Schrodinger’s Cat

Written by Abhisek Pattnaik
Pic courtesy : Artstation.com

Areté : (Greek), the act of living up to one’s full potential.

You know looking at my past, what haunts me the most? It’s simply the foregoing of the possibilities of what I could have become. No, don’t get me wrong. I’m neither judging my current state nor carry this notion that the world and its elements needs to be layered to make any sense. Given the support I have received from my family throughout my life, I’m yet to believe in the idea of economic determinism(ie it is economics/money that determines every course of action) like that of Karl Marx. So, I continue to live in my distant ideal world, staying an idealist(someone who envisions a world i.e. ought to be rather than the real one). Hence, the possibilities I have foregone have nothing to do with the social status or power hierarchy or the paychecks that we receive by the end of every month.

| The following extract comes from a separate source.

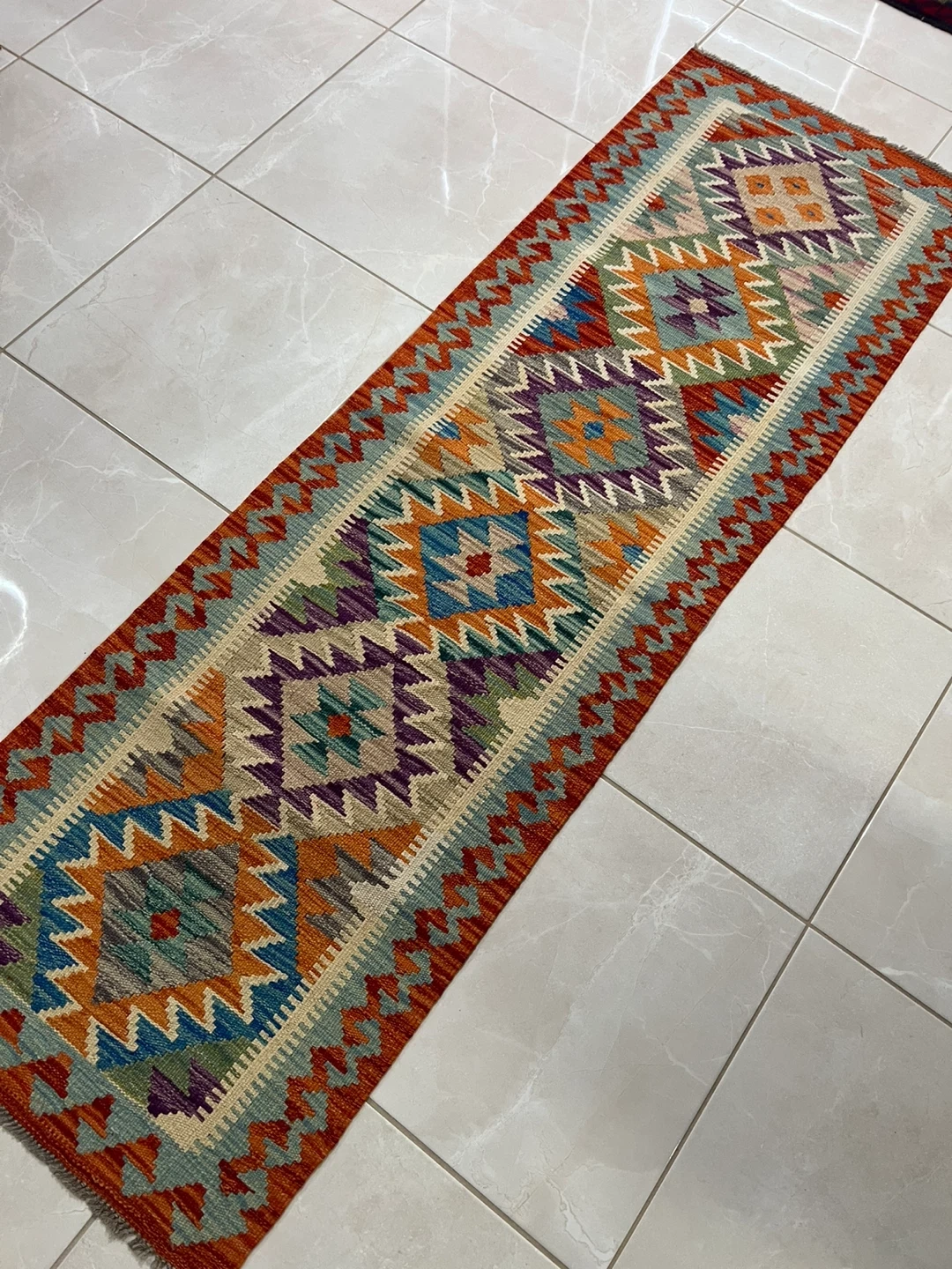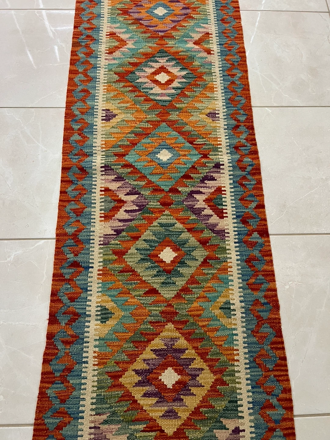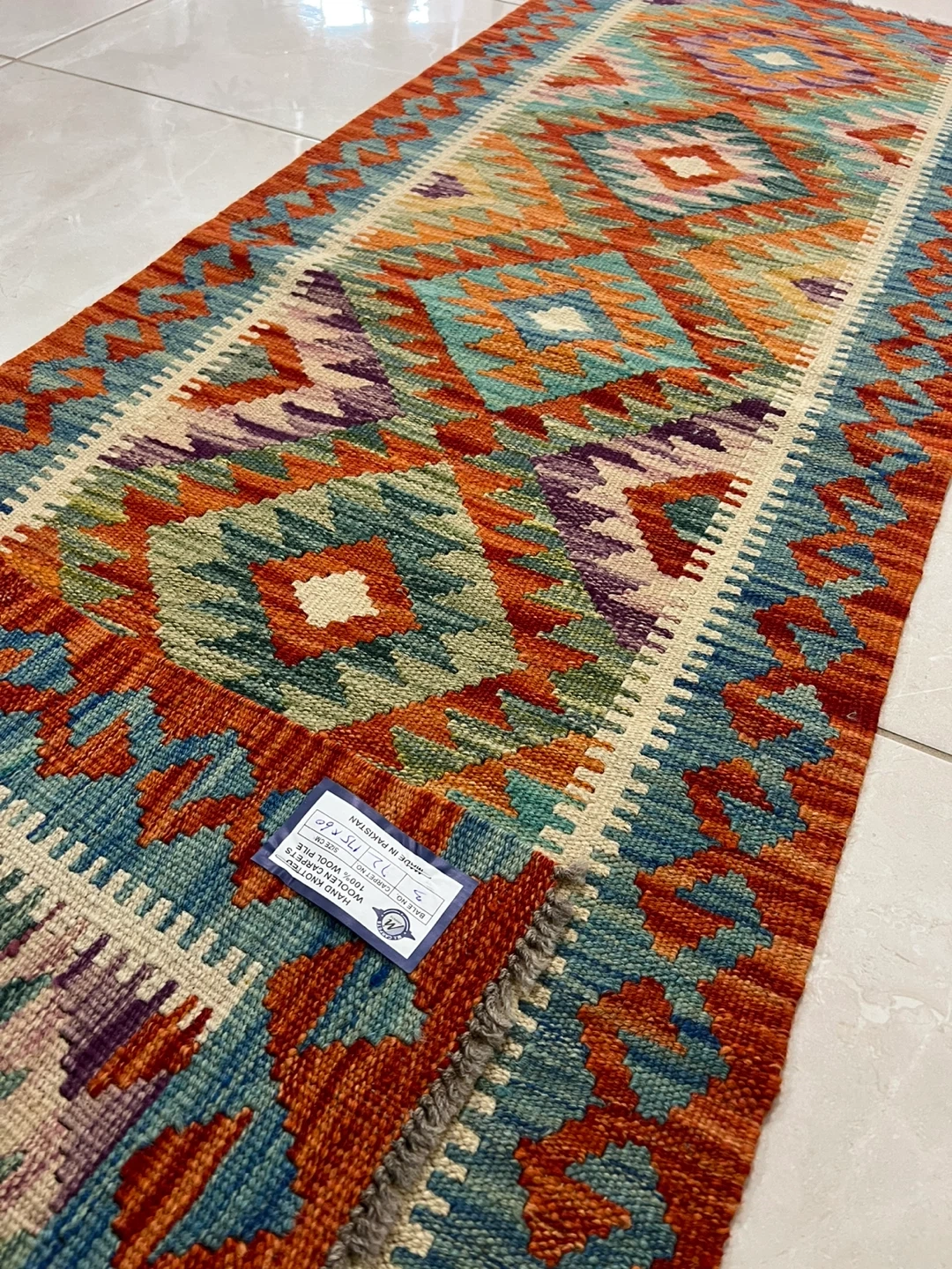 Three beautiful hand-knotted runner rug made from 100% wool. It features a vibrant geometric pattern with a variety of colours. It's perfect for adding a cozy touch to hallways or entryways. The rug measures 2*6 ft

But rather, the idea of experiencing them in their totality. I can’t simply pull a rickshaw for a day and become a rickshaw puller. Nor can I engage in active politics for a day and call myself a politician. I’ll simply remain myself. A selection of decisions/choices from among the infinite possibilities drawing a narrow path, which has become quite thin now to allow me to accommodate something else into it. And, this makes me think of the ‘many world’ hypothesis.

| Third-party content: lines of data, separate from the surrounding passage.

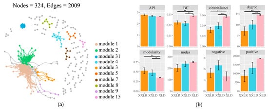 Co-occurrence networks and the subnetwork topological features. Visualization of constructed co-occurrence networks among all samples in different regions (a). Top 10 modules were shown in different colors, and smaller modules were shown in grey. Comparisons of subnetwork topological features in different regions (b). Data were shown as the mean ± standard error (n = 6). The significance was analyzed based on the Wilcox test: * p < 0.05, ** p < 0.01. APL: average path length; BC: betweenness centralization. XXLR: the inlet of the river upstream of XXL, XXLD, and XLD: near the dam of XXL and XL.
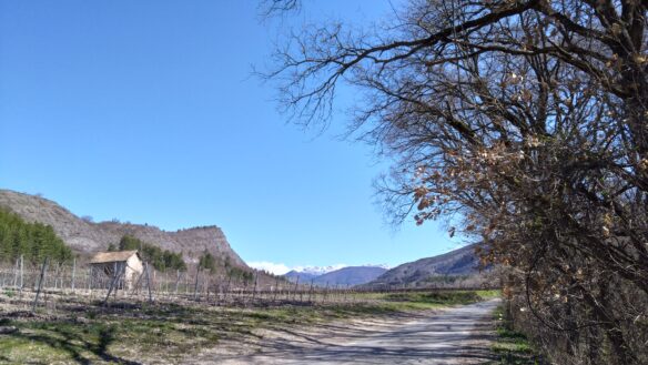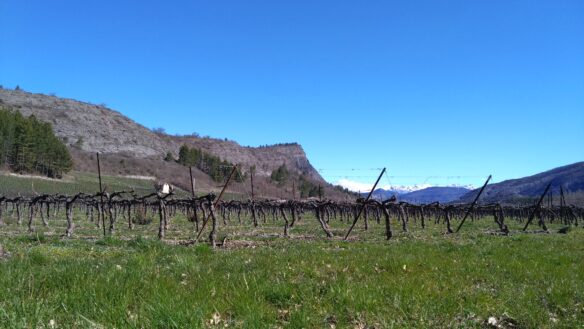 Peu après le domaine viticole de Tresbaudon, nous tournons à droite pour prendre un petit chemin qui nous permet de commencer la montée vers la crête de Saint-Abdon surplombant la Durance.
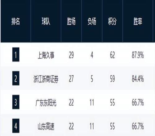 山东队则在主场以胜利反超北京,以22胜11负的战绩升至第4位,与广东队战绩持平,但因相互交锋劣势暂居其后。广东队虽仍稳居第3(22胜11负),但身后山东、深圳(21胜11负,少赛一场)虎视眈眈,且球队接下来还将迎战两场广厦,保三压力陡增。
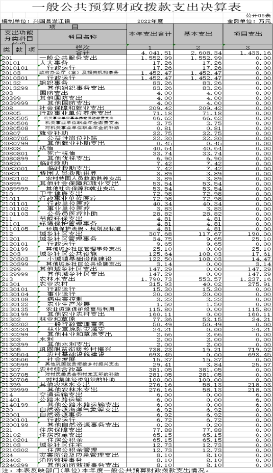 2022 年我單位共設立項目績效 99,為鄉鎮事業資金,項目實施單位為興國縣瀲江鎮人民政府,2022年初預算數 8438.0467萬元, 全年預算數8438.0467萬元, 全年執行數 8438.0467萬元,全部由縣財政撥款。

You must be aware of the thought experiment famous by the name of Schrodinger’s cat. It was given by physicist Erwin Schrodinger as an allegory to explain the complexities of quantum physics.

Imagine there is a sealed box with a cat in it. And there is a radioactive element and a vial containing poisonous gas to accompany it. The system is so designed that if the radioactive element decays within an hour, the hammer falls, breaking the vial and thus, killing the cat. But, the chances of decay of the element within an hour is 50/50. Hence, Schrodinger argues that the cat in the sealed box is simultaneously both dead and alive before the box is opened. According to him, since there is no one inside the box to witness the happenings, the cat exists in all its possibilities i.e. both dead as well as alive. This in a way gave way to the ‘many world’ hypothesis  by Hugh Everett later. According to it, all possible outcomes for any quantum event or decision are physically realized in some “world” or universe.

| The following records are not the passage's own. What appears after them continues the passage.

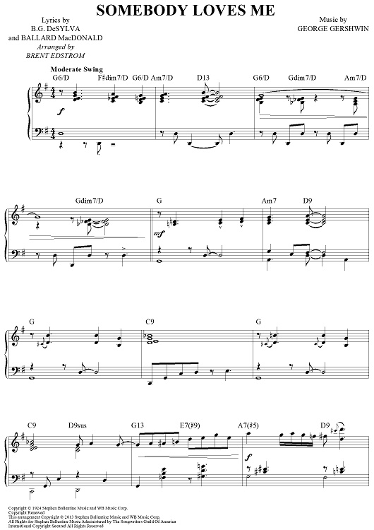 Digital Sheet Music for Somebody Loves Me by George Gershwin, Ballard MacDonald, Buddy DeSylva, Brent Edstrom scored for Piano Solo; id:462446
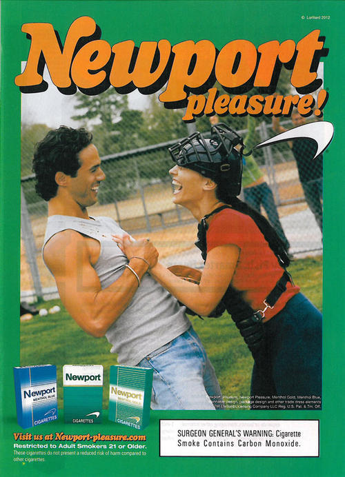 Newport ad featuring an image of a couple laughing together on a baseball field.
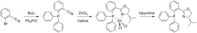 (S)-iPr-PHOX is prepared using the amino alcohol valinol, which is derived from valine. The phosphine moiety may be introduced first, by a reaction between 2-bromobenzonitrile and chlorodiphenylphosphine; the oxazoline ring is then formed in a Witte Seeliger reaction. This yields an air stable zinc complex which must be treated with bipyridine in order to obtain the free ligand. Synthesis is performed under argon or nitrogen to avoid contact with air, however the final product is not air sensitive.
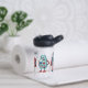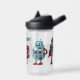 Restez hydraté dans le style de science-fiction avec cette bouteille d'eau amusante. Il présente de jolies illustrations de robots de style rétro dans les tons rouge et bleu et est prêt à être personnalisé avec un nom en lettres bleu marine. Les graphismes entourent la bouteille.
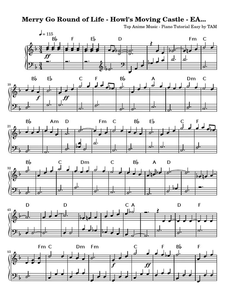 Howl's Moving Castle Merry Go Round Of Life Piano Sheet - Howl's moving castle piano tutorial & sheets. Web easy piano tutorial/how to play the song merry go round of life from howl's moving castle by joe hisaishi.🎼.

Okay! This is assuring, to know that infinite copies of me are living simultaneously in parallel worlds as the rest of the possibilities.
Me as a cricketer. Checked.
Me as a pilot. Checked.
Me as an artist. Checked.
Me as a billionaire. Checked.
Hah! But what about this copy of myself, that I’m getting to experience. How can I transgress this limitedness and become the rest of them simultaneously?

Like the Schrodinger’s cat, I derive my status, my identity from others. Don’t I? Certainly it depends on what and how the society perceives me. Hell, I can’t even tell the difference between what’s real and what’s forced in me now. I wonder what if I simply lock myself up in a box as a solution. Like the cat, I’ll be perceived by none. Shouldn’t it liberate me then; helping me to exist simultaneously in all my possibilities from here on; helping me achieve my Arete!